-- ACTIVITY --
Make an exact copy of the records, dropping all pictures.

Data items:
========================================================================

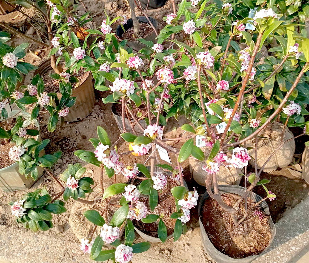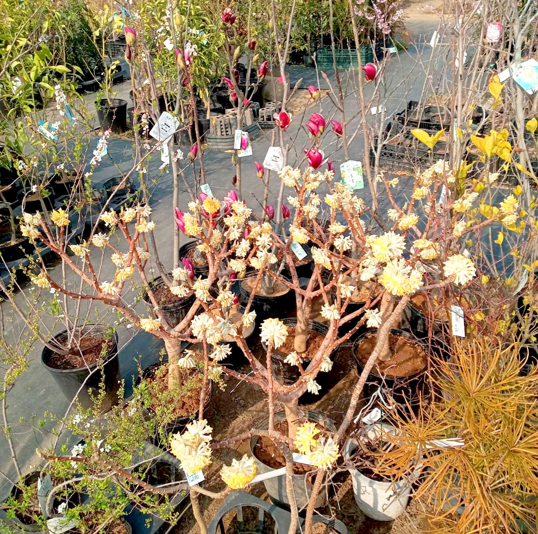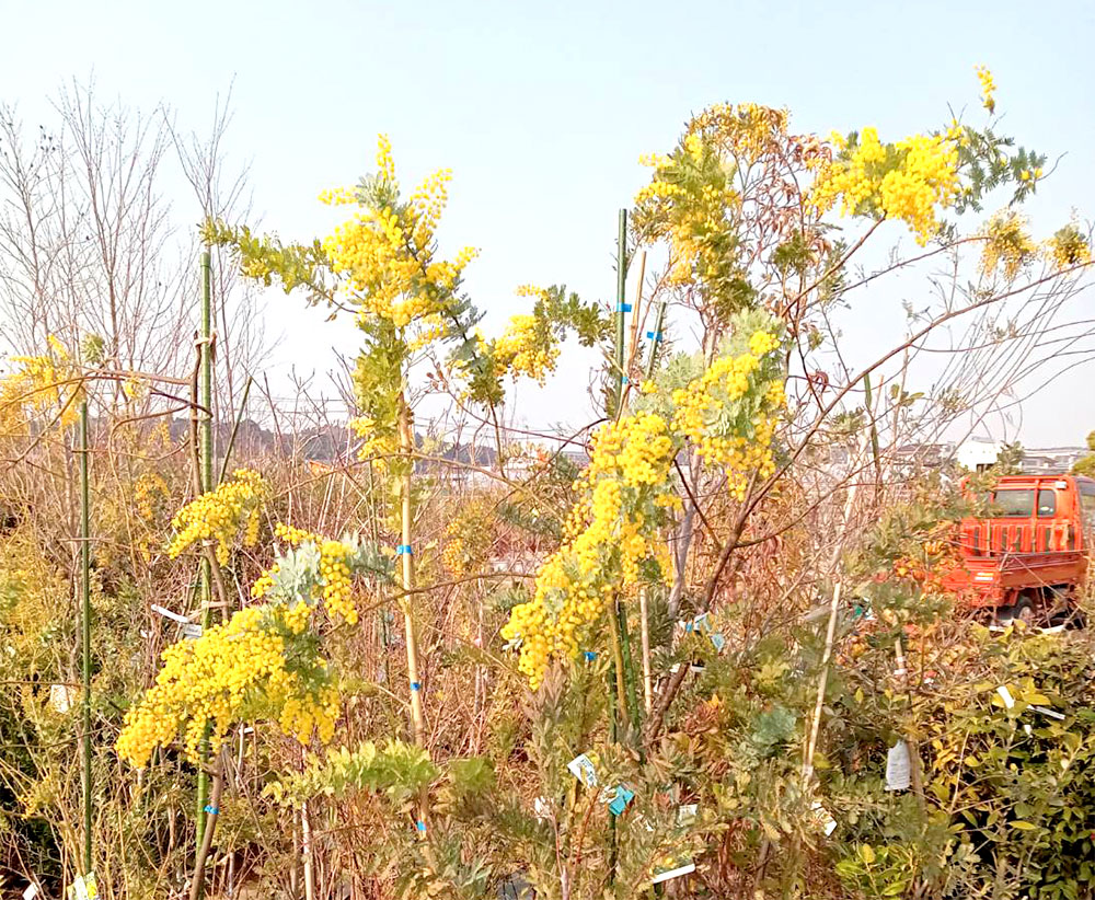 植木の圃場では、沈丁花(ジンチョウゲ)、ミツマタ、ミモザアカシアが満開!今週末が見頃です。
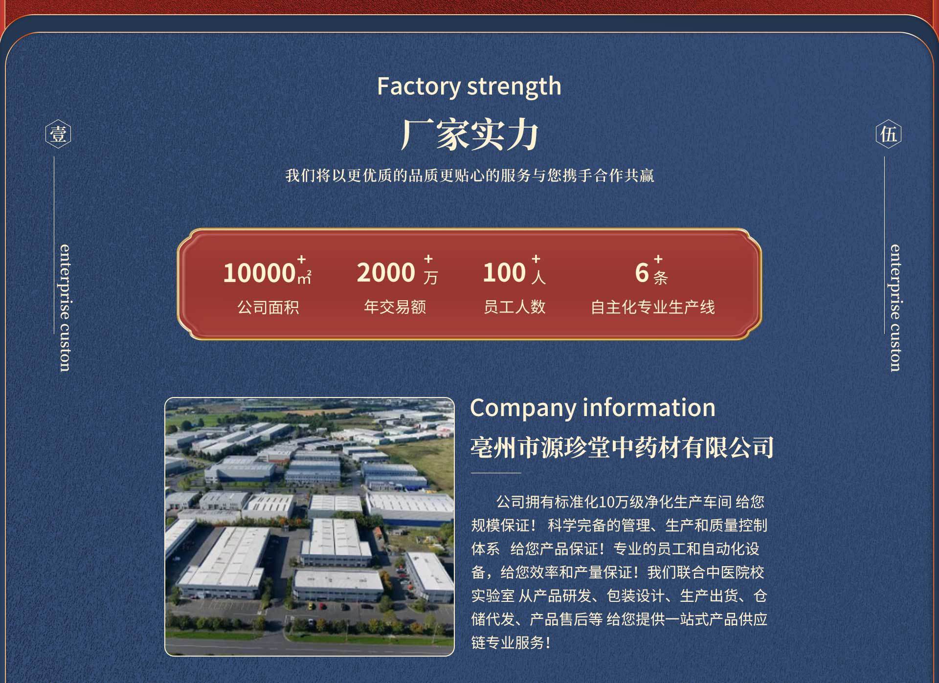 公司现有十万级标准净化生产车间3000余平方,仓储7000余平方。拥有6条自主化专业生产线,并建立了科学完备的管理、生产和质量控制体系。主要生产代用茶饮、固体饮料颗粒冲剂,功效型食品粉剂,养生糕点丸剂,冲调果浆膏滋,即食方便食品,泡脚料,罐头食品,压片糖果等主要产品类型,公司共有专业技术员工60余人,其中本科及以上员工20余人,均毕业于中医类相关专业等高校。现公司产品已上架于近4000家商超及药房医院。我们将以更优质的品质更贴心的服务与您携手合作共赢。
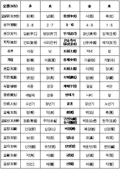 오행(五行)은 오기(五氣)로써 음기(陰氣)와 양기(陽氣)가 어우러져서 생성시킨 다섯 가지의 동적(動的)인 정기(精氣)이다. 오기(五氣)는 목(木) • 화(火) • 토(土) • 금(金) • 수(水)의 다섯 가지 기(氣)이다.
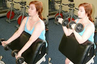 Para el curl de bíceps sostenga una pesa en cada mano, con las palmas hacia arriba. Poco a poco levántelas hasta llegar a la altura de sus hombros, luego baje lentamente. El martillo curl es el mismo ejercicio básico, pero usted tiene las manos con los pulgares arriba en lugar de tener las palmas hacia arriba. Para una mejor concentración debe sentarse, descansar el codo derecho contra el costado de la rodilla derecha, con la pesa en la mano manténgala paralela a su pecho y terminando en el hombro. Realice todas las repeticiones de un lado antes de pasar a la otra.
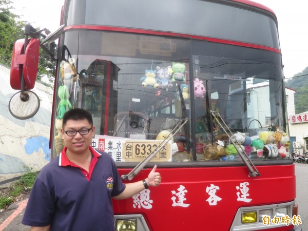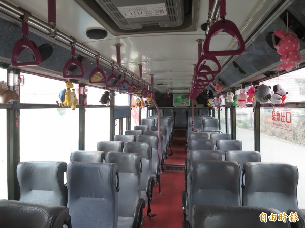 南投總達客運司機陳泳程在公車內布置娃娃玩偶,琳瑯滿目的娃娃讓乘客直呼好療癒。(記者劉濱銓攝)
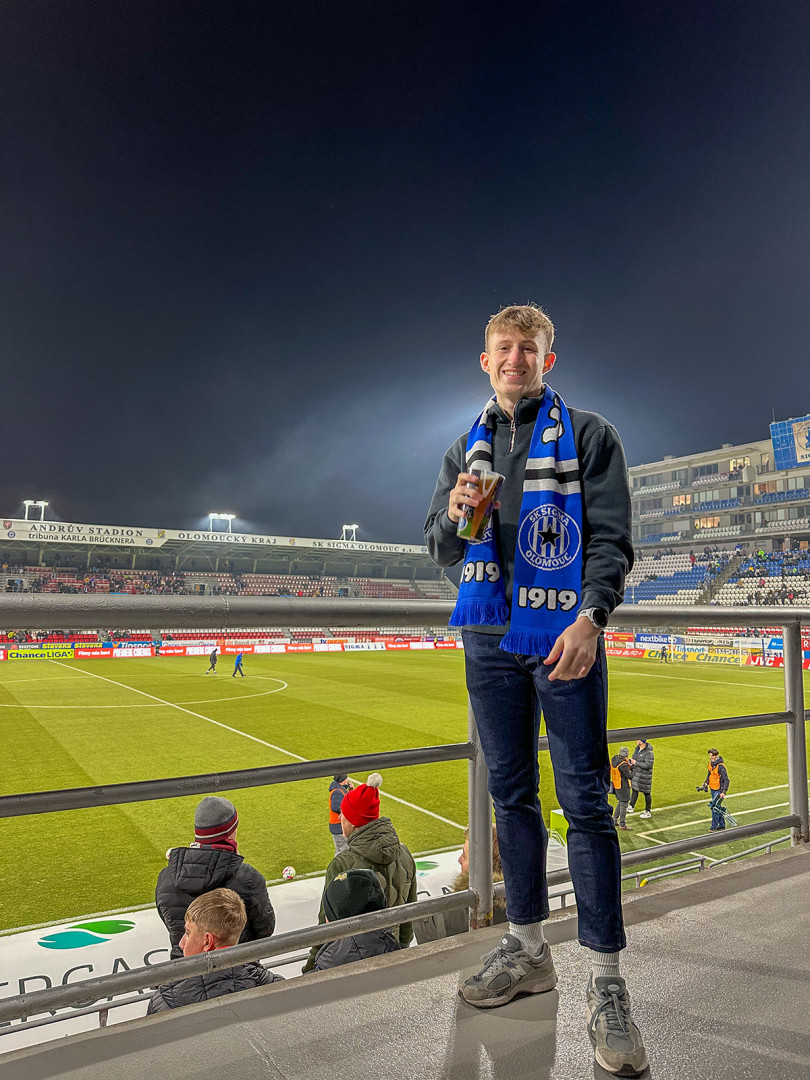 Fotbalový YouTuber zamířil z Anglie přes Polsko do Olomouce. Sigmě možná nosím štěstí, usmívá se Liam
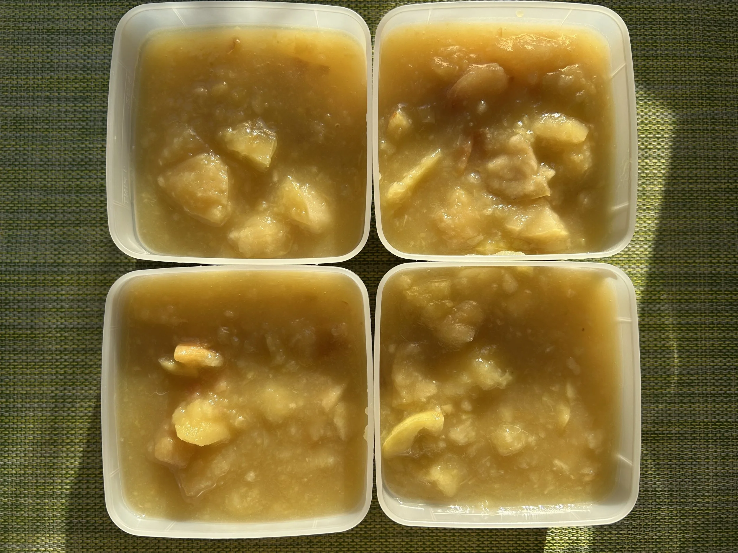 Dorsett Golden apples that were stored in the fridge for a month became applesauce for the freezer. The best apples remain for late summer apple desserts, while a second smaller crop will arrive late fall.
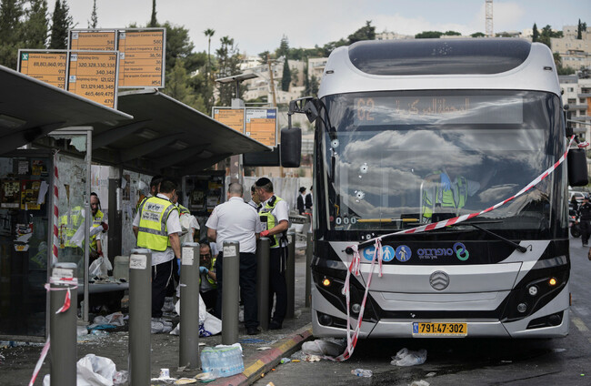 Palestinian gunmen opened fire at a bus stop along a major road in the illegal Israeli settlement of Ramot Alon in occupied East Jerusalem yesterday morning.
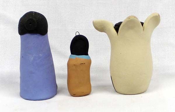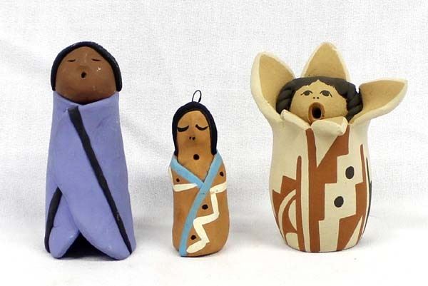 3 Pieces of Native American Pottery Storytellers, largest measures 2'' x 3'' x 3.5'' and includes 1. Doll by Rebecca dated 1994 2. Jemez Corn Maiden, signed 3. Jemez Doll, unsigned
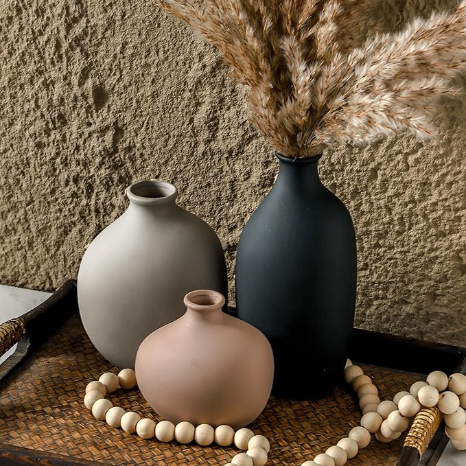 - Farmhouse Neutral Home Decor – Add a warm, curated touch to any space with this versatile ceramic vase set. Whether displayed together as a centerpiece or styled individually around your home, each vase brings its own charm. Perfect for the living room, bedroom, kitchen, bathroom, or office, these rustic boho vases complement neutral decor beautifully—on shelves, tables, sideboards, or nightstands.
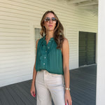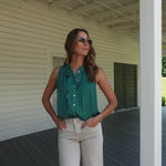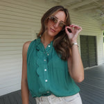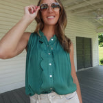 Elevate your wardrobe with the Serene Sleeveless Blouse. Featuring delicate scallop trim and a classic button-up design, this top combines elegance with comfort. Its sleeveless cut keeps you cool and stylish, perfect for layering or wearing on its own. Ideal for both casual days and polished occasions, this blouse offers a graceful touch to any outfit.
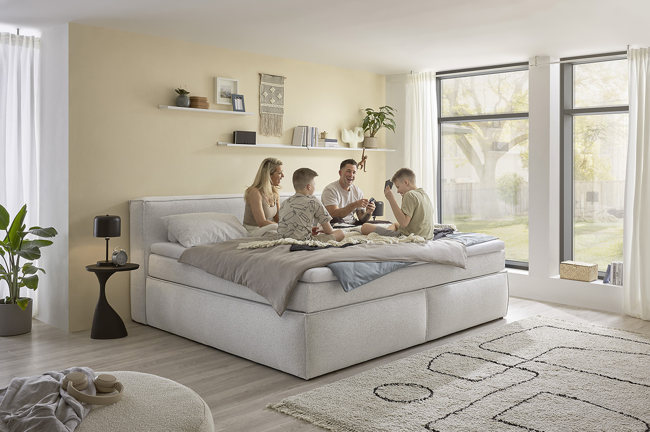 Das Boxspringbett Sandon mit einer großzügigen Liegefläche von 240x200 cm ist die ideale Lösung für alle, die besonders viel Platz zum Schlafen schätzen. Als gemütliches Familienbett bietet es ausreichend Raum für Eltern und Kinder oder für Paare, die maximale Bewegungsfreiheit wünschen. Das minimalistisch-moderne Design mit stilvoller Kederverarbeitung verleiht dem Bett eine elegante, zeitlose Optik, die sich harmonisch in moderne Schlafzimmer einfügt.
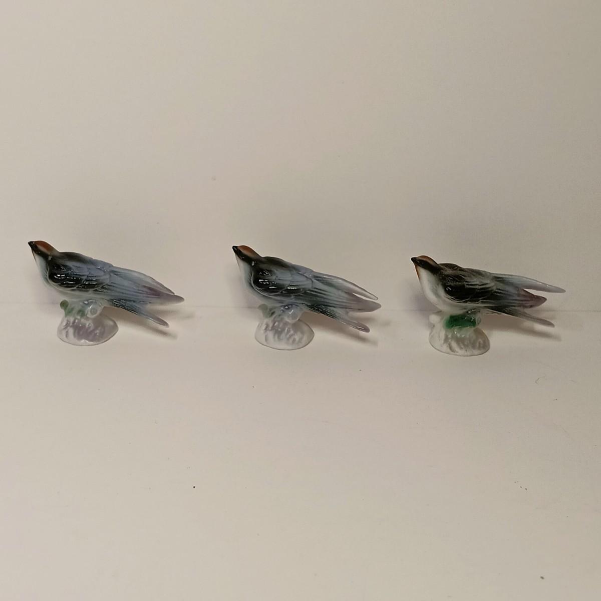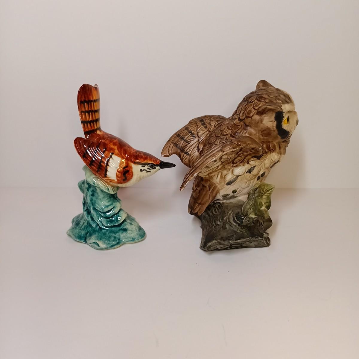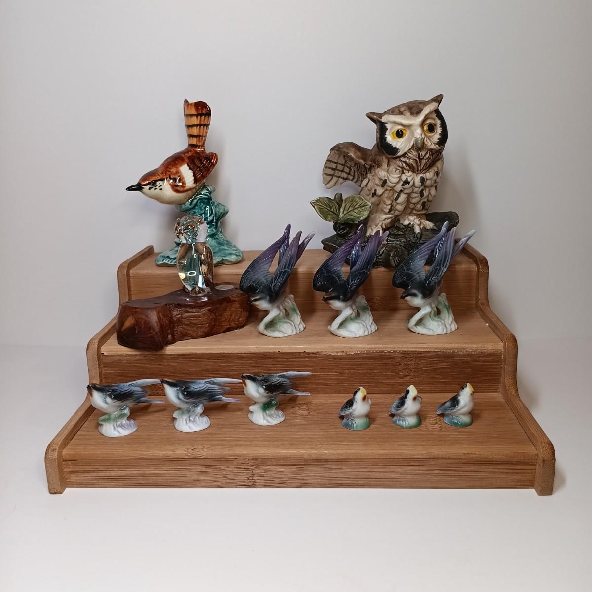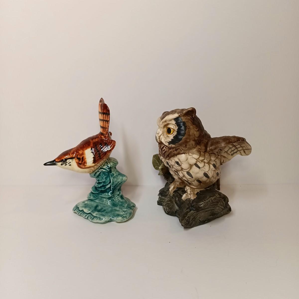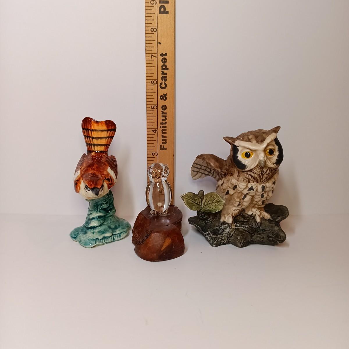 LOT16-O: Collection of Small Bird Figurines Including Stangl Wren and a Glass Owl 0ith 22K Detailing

========================================================================

-- RESULT --
 植木の圃場では、沈丁花(ジンチョウゲ)、ミツマタ、ミモザアカシアが満開!今週末が見頃です。
 公司现有十万级标准净化生产车间3000余平方,仓储7000余平方。拥有6条自主化专业生产线,并建立了科学完备的管理、生产和质量控制体系。主要生产代用茶饮、固体饮料颗粒冲剂,功效型食品粉剂,养生糕点丸剂,冲调果浆膏滋,即食方便食品,泡脚料,罐头食品,压片糖果等主要产品类型,公司共有专业技术员工60余人,其中本科及以上员工20余人,均毕业于中医类相关专业等高校。现公司产品已上架于近4000家商超及药房医院。我们将以更优质的品质更贴心的服务与您携手合作共赢。
 오행(五行)은 오기(五氣)로써 음기(陰氣)와 양기(陽氣)가 어우러져서 생성시킨 다섯 가지의 동적(動的)인 정기(精氣)이다. 오기(五氣)는 목(木) • 화(火) • 토(土) • 금(金) • 수(水)의 다섯 가지 기(氣)이다.
 Para el curl de bíceps sostenga una pesa en cada mano, con las palmas hacia arriba. Poco a poco levántelas hasta llegar a la altura de sus hombros, luego baje lentamente. El martillo curl es el mismo ejercicio básico, pero usted tiene las manos con los pulgares arriba en lugar de tener las palmas hacia arriba. Para una mejor concentración debe sentarse, descansar el codo derecho contra el costado de la rodilla derecha, con la pesa en la mano manténgala paralela a su pecho y terminando en el hombro. Realice todas las repeticiones de un lado antes de pasar a la otra.
 南投總達客運司機陳泳程在公車內布置娃娃玩偶,琳瑯滿目的娃娃讓乘客直呼好療癒。(記者劉濱銓攝)
 Fotbalový YouTuber zamířil z Anglie přes Polsko do Olomouce. Sigmě možná nosím štěstí, usmívá se Liam
 Dorsett Golden apples that were stored in the fridge for a month became applesauce for the freezer. The best apples remain for late summer apple desserts, while a second smaller crop will arrive late fall.
 Palestinian gunmen opened fire at a bus stop along a major road in the illegal Israeli settlement of Ramot Alon in occupied East Jerusalem yesterday morning.
 3 Pieces of Native American Pottery Storytellers, largest measures 2'' x 3'' x 3.5'' and includes 1. Doll by Rebecca dated 1994 2. Jemez Corn Maiden, signed 3. Jemez Doll, unsigned
 - Farmhouse Neutral Home Decor – Add a warm, curated touch to any space with this versatile ceramic vase set. Whether displayed together as a centerpiece or styled individually around your home, each vase brings its own charm. Perfect for the living room, bedroom, kitchen, bathroom, or office, these rustic boho vases complement neutral decor beautifully—on shelves, tables, sideboards, or nightstands.
 Elevate your wardrobe with the Serene Sleeveless Blouse. Featuring delicate scallop trim and a classic button-up design, this top combines elegance with comfort. Its sleeveless cut keeps you cool and stylish, perfect for layering or wearing on its own. Ideal for both casual days and polished occasions, this blouse offers a graceful touch to any outfit.
 Das Boxspringbett Sandon mit einer großzügigen Liegefläche von 240x200 cm ist die ideale Lösung für alle, die besonders viel Platz zum Schlafen schätzen. Als gemütliches Familienbett bietet es ausreichend Raum für Eltern und Kinder oder für Paare, die maximale Bewegungsfreiheit wünschen. Das minimalistisch-moderne Design mit stilvoller Kederverarbeitung verleiht dem Bett eine elegante, zeitlose Optik, die sich harmonisch in moderne Schlafzimmer einfügt.
 LOT16-O: Collection of Small Bird Figurines Including Stangl Wren and a Glass Owl 0ith 22K Detailing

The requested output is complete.